The recurrence formula for dimension $1$ wave equation and constant $k$ and $m$ is: $$\begin{array}{ll} u(x,t+1) &= 2u(x,t) - u(x,t-1) + \alpha\Big[u(x+1,t)-2u(x,t)+u(x-1,t)\Big], \end{array}$$ with $$\alpha :=(\Delta t)^2 \frac{k}{m}.$$ We put these terms in a table to be implemented as a spreadsheet: $$\begin{array}{l|cccccc} & x-1 & x & x+1\\ \hline t-1 & & -u(x,t-1) \\ t &=\alpha u(x-1,t) & +2(1-\alpha)u(t,x) & +\alpha u(x+1,t)\\ t+1 & & u(x,t+1) \end{array}$$

The simplest way to implement this dynamics with a spreadsheet is to use the first two rows for the initial conditions and then add one row for every moment of time. The Excel formula is: $$\texttt{ = R1C5*R[-1]C[-1] + 2*(1-R1C5)*R[-1]C + R1C5*R[-1]C[1] - R[-2]C}$$ Here cell $\texttt{R1C5}$ contains the value of $\alpha$.

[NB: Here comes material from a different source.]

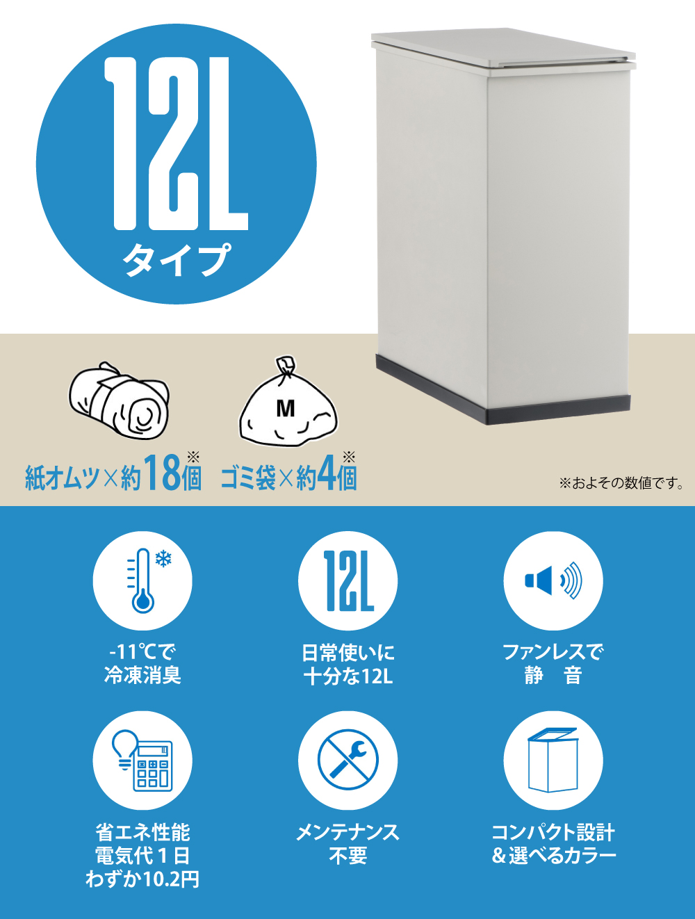 冷却力と静音性を両立した唯一の冷やすゴミ箱です。

Link to file: Spreadsheets.

**Example.** The simplest propagation pattern is given by $\alpha=1$. Below we show the propagation of a single bump, a two-cell bump, and two bumps:

$\square$

**Exercise.** Modify the spreadsheet to introduce walls into the picture:

**Exercise.** Modify the spreadsheet to accommodate non-constant data by adding the following, consecutively: (a) the stiffness $k$ (as shown below), (b) the masses $m$, (c) the time intervals $|\Delta t|$.